Lt. Governor Jennifer Carroll (© Phil Sears-AP)
Say what you will about George Costanza's fake Human Fund charity from "Seinfeld," but at least it never used veterans as a cover story or ended up being a bottomless war chest for politicians.

The same couldn't be said for Florida's Allied Veterans of the World, which runs a nearly $300 million gambling operation featuring 50 Internet parlors of computerized games. Investigators say it was a scam, and they've charged nearly 60 people with not only diverting money from veterans but spending the take on boats, beachfront condos and exotic cars. Florida Lt. Gov. Jennifer Carroll (pictured) was among those questioned by investigators and has resigned as a result.

Carroll was the co-owner of a public relations firm, 3 N&JC, that worked for St. Augustine, Fla.-based Allied Veterans. Unfortunately for Carroll, that work included commercials featuring herself and a Navy veteran who served in the Gulf War touting the organization's work for veterans and their families.

What she didn't mention was that the untaxed, virtually unregulated industry was allegedly pumping more than $1 million into gubernatorial campaigns in both Florida and North Carolina, effectively greasing the would-be politicos who could shut it all down. State legislators and political parties also reaped the benefits. The Associated Press found that $1.1 million in contributions to the charity went into Florida campaign accounts from 2009-2012, and more than $150,000 went to North Carolina campaigns.

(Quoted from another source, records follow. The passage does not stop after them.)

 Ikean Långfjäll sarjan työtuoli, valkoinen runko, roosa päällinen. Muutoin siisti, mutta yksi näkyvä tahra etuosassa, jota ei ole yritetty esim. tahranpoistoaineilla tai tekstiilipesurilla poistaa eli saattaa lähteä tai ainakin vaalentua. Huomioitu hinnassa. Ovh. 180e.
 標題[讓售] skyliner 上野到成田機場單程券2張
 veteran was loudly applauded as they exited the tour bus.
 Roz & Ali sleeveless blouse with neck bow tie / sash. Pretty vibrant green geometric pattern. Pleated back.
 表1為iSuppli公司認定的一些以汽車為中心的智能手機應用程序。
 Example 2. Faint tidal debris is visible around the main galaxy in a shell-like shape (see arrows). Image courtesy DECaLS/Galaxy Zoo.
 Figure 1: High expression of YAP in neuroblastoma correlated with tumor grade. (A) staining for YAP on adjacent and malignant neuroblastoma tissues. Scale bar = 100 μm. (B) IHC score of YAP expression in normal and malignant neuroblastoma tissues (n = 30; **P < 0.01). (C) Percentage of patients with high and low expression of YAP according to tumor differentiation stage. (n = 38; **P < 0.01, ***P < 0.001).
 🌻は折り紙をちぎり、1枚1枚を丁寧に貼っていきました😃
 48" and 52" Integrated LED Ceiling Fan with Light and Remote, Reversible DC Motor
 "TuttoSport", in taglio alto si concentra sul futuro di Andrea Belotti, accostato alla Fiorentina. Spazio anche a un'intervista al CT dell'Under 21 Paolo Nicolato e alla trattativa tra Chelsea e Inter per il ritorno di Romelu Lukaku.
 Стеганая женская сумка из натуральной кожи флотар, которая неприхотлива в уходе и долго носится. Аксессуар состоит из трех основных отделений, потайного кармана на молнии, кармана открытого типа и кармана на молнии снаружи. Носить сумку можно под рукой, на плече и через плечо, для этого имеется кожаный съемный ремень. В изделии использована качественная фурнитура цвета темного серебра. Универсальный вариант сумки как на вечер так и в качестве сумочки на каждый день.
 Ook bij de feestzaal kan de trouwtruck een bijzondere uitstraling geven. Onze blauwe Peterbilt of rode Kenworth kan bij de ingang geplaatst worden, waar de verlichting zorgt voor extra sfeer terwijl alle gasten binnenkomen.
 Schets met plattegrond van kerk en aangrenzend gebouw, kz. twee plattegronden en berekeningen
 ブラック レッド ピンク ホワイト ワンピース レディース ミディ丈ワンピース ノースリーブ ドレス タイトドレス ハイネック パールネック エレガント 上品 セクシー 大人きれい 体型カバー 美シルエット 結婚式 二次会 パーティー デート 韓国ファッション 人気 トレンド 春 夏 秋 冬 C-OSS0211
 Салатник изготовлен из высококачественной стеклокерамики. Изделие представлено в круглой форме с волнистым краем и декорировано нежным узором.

Of the $300 million given to Allied Veterans, only $6 million ever went to the veterans it claimed to assist. That's the same amount Jacksonville, Fla., lawyer Kelly Mathis, who allegedly came up with the Allied Veterans scheme, made from the operation.

A whopping 54 search warrants were issued in Florida and five other states -- South Carolina, Georgia, Alabama, Nevada and Pennsylvania -- as part of the Allied Veterans investigation. All of the company's 49 parlors in Florida were raided and shut down as authorities seized about 300 bank accounts containing $64.7 million, as well as sports cars and other property.

The political ramifications are a bit more broad. The Florida Republican Party received nearly $300,000, while the Florida Democratic Party has received nearly $150,000. Cash also found its way to legislators who had been on the fence about regulating or banning online gaming. Sen. Miguel Diaz de la Portilla (R-Miami) took donations from four people who were arrested and from some companies linked to the scandal. He had been pushing a bill to regulate the operations instead of banning them.

Carroll said in a statement Wednesday that neither she nor her public relations firm was targeted in the probe, and she claimed she stepped down so she wouldn't be a distraction for Republican Gov. Rick Scott's administration.

With Florida Attorney General Pam Bondi already saying the "despicable" scam "insults every American who ever wore a military uniform" and Florida's Department of Law Enforcement saying the next step in the investigation will deal solely with the political contributions, Scott is likely already more distracted than George Costanza at a board meeting.